I swallowed my concerns, and focused on her enthusiasm for learning. It really was exciting that she was learning letter sounds, and having a letter written on her hand was a reminder to review it several times throughout the afternoon, and to tell Daddy about it at dinner.
I knew right away that making these letter rings would be a big hit around here. The moment after we stuck the letters onto the rings, Isabella was gliding them onto her little fingers.
I don’t know whether you can tell what these rings are made of. It’s actually an upcycled item – the pull tab from a new half-gallon of milk or a carton of orange juice.(Disclosure: this post contains affiliate links.) We simply stuck on foam letters. They stayed stuck on remarkably well, yet we could peel them off to adjust the ones that we accidentally put on sideways.I like that the foam letters are dimensional, and so the child can trace them and feel their shape, kind of like you can with my DIY multi-sensory ABC cards.
If you are introducing letters for the first time, it’s good to start with just one at a time.
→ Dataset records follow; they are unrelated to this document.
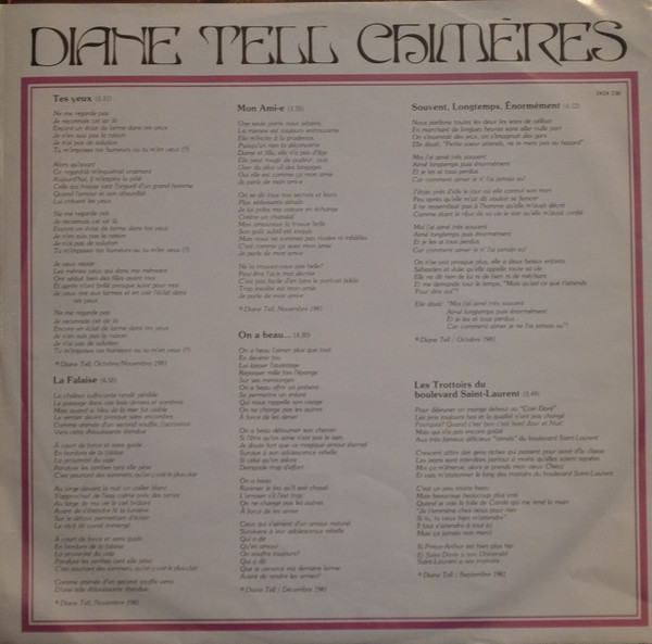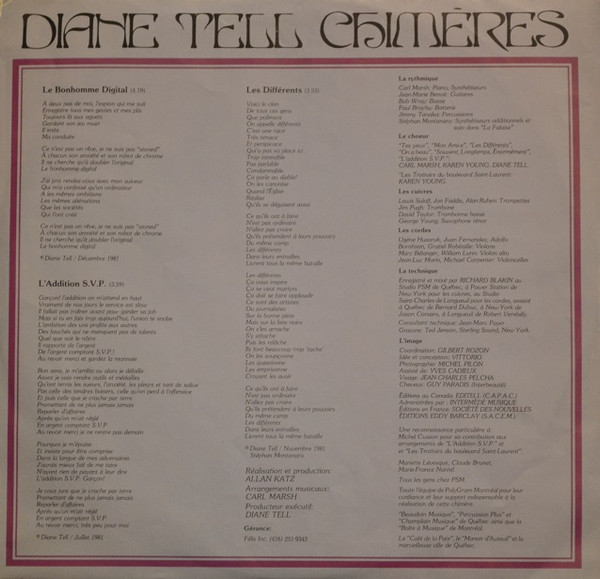 Diane Tellケベックの才色兼備なコンテンポラリーSSW、Diane Tellの5thアルバム。77年衝撃のデビューから5年経過し、さらに洗練が進んだジャズポップスは、現在のネオソウルにも直結するようなモダンさを持っています。 #17028
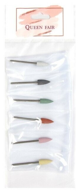 Queen fair Фрезы силиконовые для полировки, 6 шт, d 6 мм, разноцветные
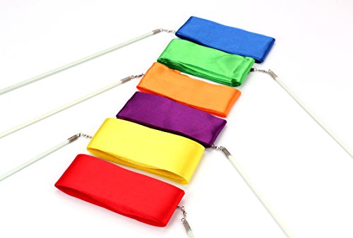 -. Title : Tosnail 12-Foot Ribbon Dancer Dancing Ribbon Streamer Rhythm Ribbon with 19" Wand - Set of 6 Colors
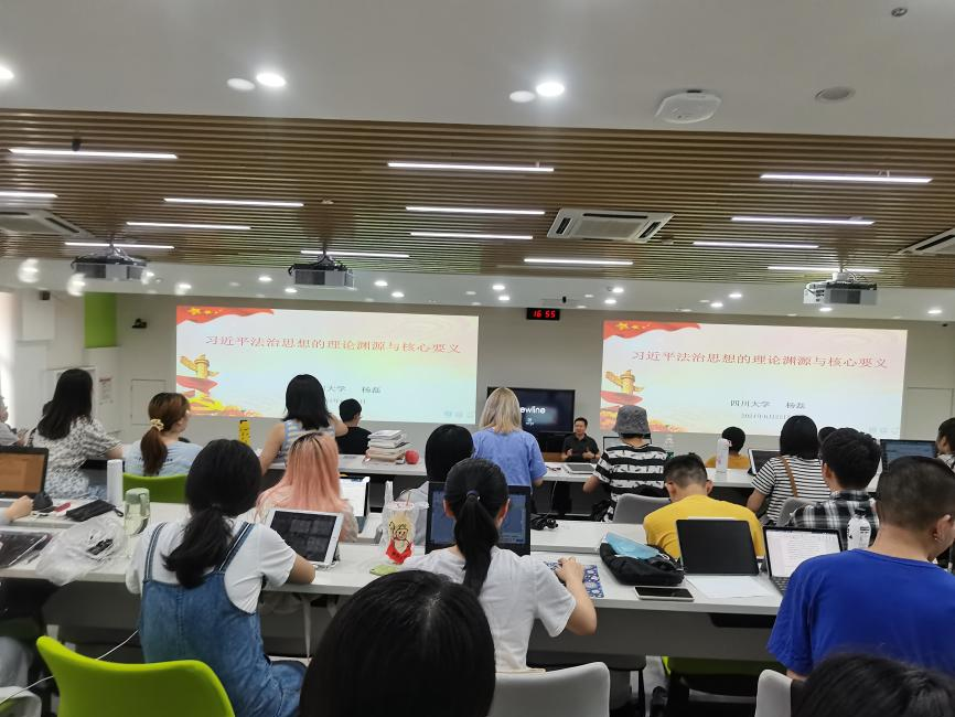 为庆祝中国共产党成立100周年,引导青年员工听党话、跟党走,深刻理解习近平新时代中国特色社会主义法治思想内涵,2021年6月25日,公司党委副书记杨磊以《习近平新时代中国特色社会主义法治思想的理论渊源与核心要义》为题,在伟德国际1946望江校区基教C104为2018级本科员工讲授了专题党课。
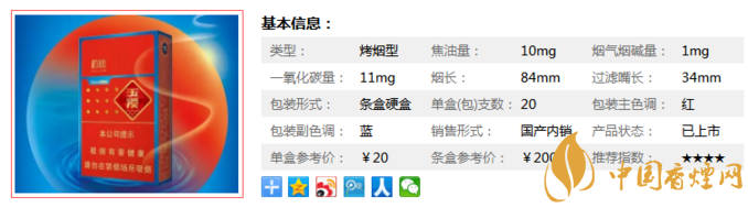 煙長:84mm 過濾嘴長:34mm 包裝形式:條盒硬盒 單盒(包)支數(shù):20
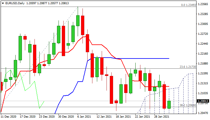 Bearish acceleration also managed to register a marginal close below pivotal Fibo support at 1.2064 (38.2% of 1.1602/1.2349) on Monday, but so far stays above the last pivot at 1.2053 (Jan 18 low).
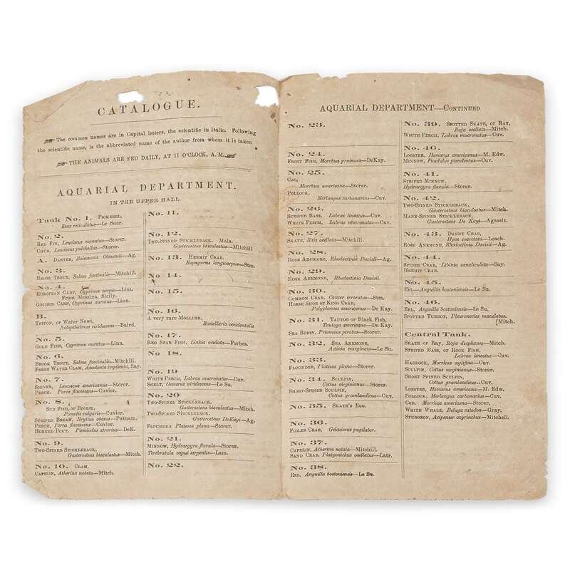 "Boston Aquarial and Zoological Gardens! A Living Whale! in a Communication to the Boston Journal, Professor Agassiz gives the following descriptions of the White Whale. Catalogue, Aquarial Department. Catalogue of the Animals," sheet folded into 4pp. .
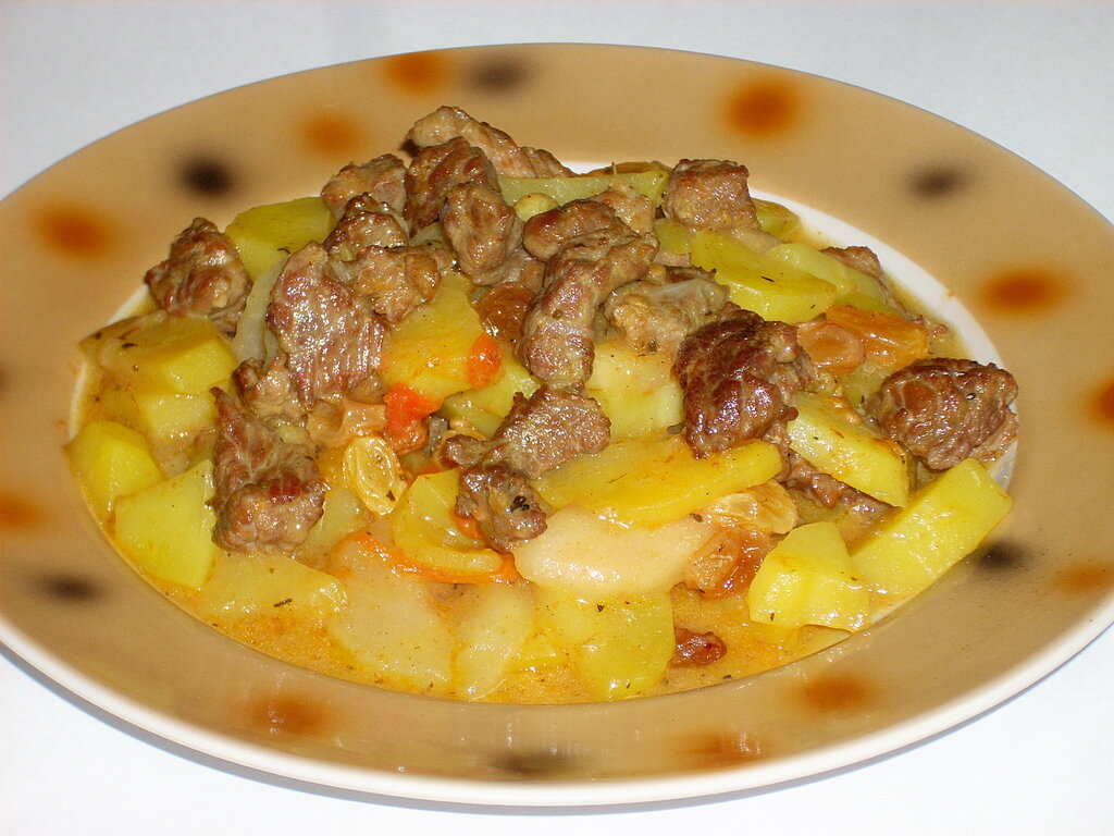 Картофель очистить, нарезать тонкими ломтиками, добавить к мясу, все тушить 15 минут. Изюм перебрать, тщательно промыть. Грушу очистить от семян, порезать дольками. Добавить фрукты в сковороду, перемешать, довести вкус солью и перцем, тушить под крышкой финальные 5 минут.

Later you can review with several at a time.
Once the novelty of just wearing a few letters wear off, you can use them for little games.
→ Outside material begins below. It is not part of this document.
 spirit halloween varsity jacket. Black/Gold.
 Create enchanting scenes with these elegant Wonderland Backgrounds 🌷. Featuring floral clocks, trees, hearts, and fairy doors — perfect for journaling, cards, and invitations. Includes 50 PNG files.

1. Have the child choose a letter ring to wear, then while they wear that ring, walk around
looking for items that start with that sound. (You might want to have strategically placed a few items for trickier letters!) Repeat with another letter ring.
2. While wearing a letter ring, help the child look through a simple book to find that letter on its pages.
3. Help the child pick out and wear the letters for his or her name.
4. If your child is a beginning reader, you can provide letters that spell simple words, and let them change out the letters, changing, say, cat to mat.
The next thing to do is to just take the rings off and read to your child. One of the rookie mistakes
I made with my oldest was pushing too hard. It’s all worked out in the end, but I do wish I had followed his pace a little better.
My girls have been naturally more enthusiastic about reading. Maybe it all goes back to the letters on the hands – who knows. More likely, it’s a combination of personality and lots of read-aloud time.
One of their favorite books about the alphabet, one they still request even now from time to time, is the classic Curious George alphabet book (affiliate). I like its emphasis on visualizing each letter in a fun way. The girls love all the impish trouble George gets himself into. We all highly recommend it!